GLOBAL REPORT ON FOOD CRISES 2017
The European Union, WFP and FAO have joined forces to coordinate the compilation of analyses to increase the impact of humanitarian and resilience responses through the preparation of the “Global report on Food Crises”. The report enhances coordination and decision-making through a neutral analysis that informs program planning and implementation.
Currently, the world is faced with an unprecedented call for action at a moment in which four countries have been identified as at risk of famine, and demand for humanitarian and resilience assistance is escalating. Against this background, informing the global and national food security community on the risk of food crises and on the severity of such crises is of fundamental importance, - GLOBAL REPORT ON FOOD CRISES, 2017
Bringing together credible and globally accepted findings
Partial geographical coverage and a lack of comparable data within a standardised system make it difficult to get a full global picture of food crises at any given time.
In 2016, to increase the inclusiveness and transparency of the report, the European Commission invited FAO and WFP to contribute by providing additional food security data and analysis.
The Food Security Information Network (FSIN) is a global initiative co-sponsored by FAO, WFP and IFPRI to strengthen food and nutrition security information systems for producing reliable and accurate data to guide analysis and decision-making.
The Global Report on Food Crises 2017 is therefore the result of a consultative process established to involve a wide range of stakeholders who bring together credible and globally accepted findings from all major risk analysis and early warning systems.
The report is designed to:
- summarize available data and analysis from global, regional and national food security monitoring systems;
- add value by bringing together this complex data and information to provide an accurate, comprehensive , transparent assessment of existing food security analysis,
- identify key data and analytical gaps and
- drive improved coordination and informed planning and implementation for humanitarian and resilience-building initiatives,
- instigate and inform better decision-making to increase resilience for the food security of the world’s most vulnerable people and “to ensure that no one is left behind” (Highlevel Political Forum on Sustainable Development, 2016).
The report retraces
the critical issues that have emerged during 2016. It has a cascading structure, presenting country-by-country analysis to build a global picture of the prevalence and magnitude of food insecurity.
Globally, 108 million people in 2016 were reported to be facing Crisis level food insecurity or worse (IPC Phase 3 and above).

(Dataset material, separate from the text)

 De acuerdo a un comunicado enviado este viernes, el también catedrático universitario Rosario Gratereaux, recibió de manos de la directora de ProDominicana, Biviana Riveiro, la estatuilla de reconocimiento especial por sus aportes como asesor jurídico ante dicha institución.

This represents a 35 percent increase compared to 2015 when the figure was almost 80 million.
The acute and wide-reaching effects of conflicts left significant numbers of food insecure people in need of urgent assistance in Yemen (17 million); Syria (7.0 million); South Sudan (4.9 million); Somalia (2.9 million); northeast Nigeria (4.7 million), Burundi (2.3 million) and Central African Republic (2 million). The immediate outlook points to worsening conditions in some locations, with risk of famine in isolated areas of northeast Nigeria, South Sudan, Somalia and Yemen.

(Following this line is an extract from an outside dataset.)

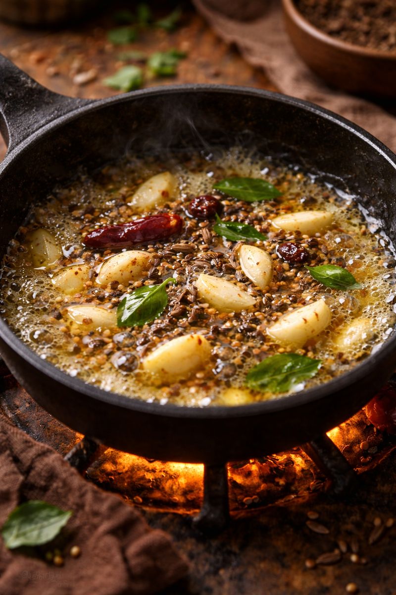 Heat ghee in a small pan, add cumin seeds, garlic, red chillies, and hing. Let it splutter until aromatic.

Conflict causes widespread displacement (internal and external), protracting food insecurity and placing a burden on host communities. The populations worst affected are those of Syria (6.3 million Internally Displaced People) and Syrian refugees in neighbouring countries (4.8 million); Iraq (3.1 million); Yemen (3.2 million), South Sudan (3 million), Somalia (2.1 million) and northeast Nigeria (2.1 million).
In some countries, food security has been undermined by El Niño, which largely manifested in drought conditions that damaged agricultural livelihoods. The countries most affected are in eastern and southern Africa and include Somalia, Ethiopia (9.7 million), Madagascar (0.8 million in the Grand Sud), Malawi (6.7 million), Mozambique (1.9 million) and Zimbabwe (4.1 million). Projections for early 2017 indicate an increase in the severity of food insecurity in these regions. This is particularly the case in southern and south-eastern Ethiopia, Kenya and Somalia.
Record staple food prices, notably in some southern African countries, Nigeria and South Sudan, also severely constrained food access for vulnerable populations, acutely aggravating food insecurity and the risk of malnutrition.
El Niño-induced weather patterns and conflicts were the main drivers of intensified food insecurity in 2016. The persistent nature of these drivers, and their associated impacts, has weakened households’ capacity to cope, undermining their resilience and ability to recover from future shocks. The food crises in 2016 were both widespread and severe, affecting entire national populations, such as in Yemen, or causing acute damage in localized areas, such as in northeast Nigeria. These shocks were not bound by national borders and the spillover effects had a significant impact on neighbouring countries.